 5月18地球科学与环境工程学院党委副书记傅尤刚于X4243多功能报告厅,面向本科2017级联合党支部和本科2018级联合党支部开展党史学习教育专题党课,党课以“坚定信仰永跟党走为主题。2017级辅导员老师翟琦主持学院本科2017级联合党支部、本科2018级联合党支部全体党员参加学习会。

==============================

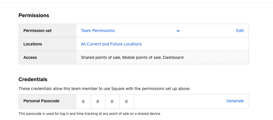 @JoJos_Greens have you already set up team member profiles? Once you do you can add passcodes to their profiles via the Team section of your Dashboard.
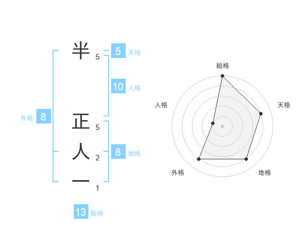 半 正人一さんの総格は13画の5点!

==============================

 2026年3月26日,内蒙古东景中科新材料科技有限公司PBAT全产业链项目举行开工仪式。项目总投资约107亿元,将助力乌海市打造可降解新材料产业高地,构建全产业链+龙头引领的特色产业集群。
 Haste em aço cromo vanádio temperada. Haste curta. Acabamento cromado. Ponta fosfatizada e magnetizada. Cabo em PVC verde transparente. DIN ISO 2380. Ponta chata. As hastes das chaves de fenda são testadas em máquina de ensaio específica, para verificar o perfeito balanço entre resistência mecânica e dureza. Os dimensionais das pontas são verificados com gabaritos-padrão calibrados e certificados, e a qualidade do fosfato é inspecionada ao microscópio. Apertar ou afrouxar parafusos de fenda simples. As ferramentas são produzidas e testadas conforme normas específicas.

==============================

Problem details: From the records above, copy out the line with "2026年3月26日,内蒙古", the line with "Haste em aço", and every line between them, word for word.

Solution below:
 2026年3月26日,内蒙古东景中科新材料科技有限公司PBAT全产业链项目举行开工仪式。项目总投资约107亿元,将助力乌海市打造可降解新材料产业高地,构建全产业链+龙头引领的特色产业集群。
 Haste em aço cromo vanádio temperada. Haste curta. Acabamento cromado. Ponta fosfatizada e magnetizada. Cabo em PVC verde transparente. DIN ISO 2380. Ponta chata. As hastes das chaves de fenda são testadas em máquina de ensaio específica, para verificar o perfeito balanço entre resistência mecânica e dureza. Os dimensionais das pontas são verificados com gabaritos-padrão calibrados e certificados, e a qualidade do fosfato é inspecionada ao microscópio. Apertar ou afrouxar parafusos de fenda simples. As ferramentas são produzidas e testadas conforme normas específicas.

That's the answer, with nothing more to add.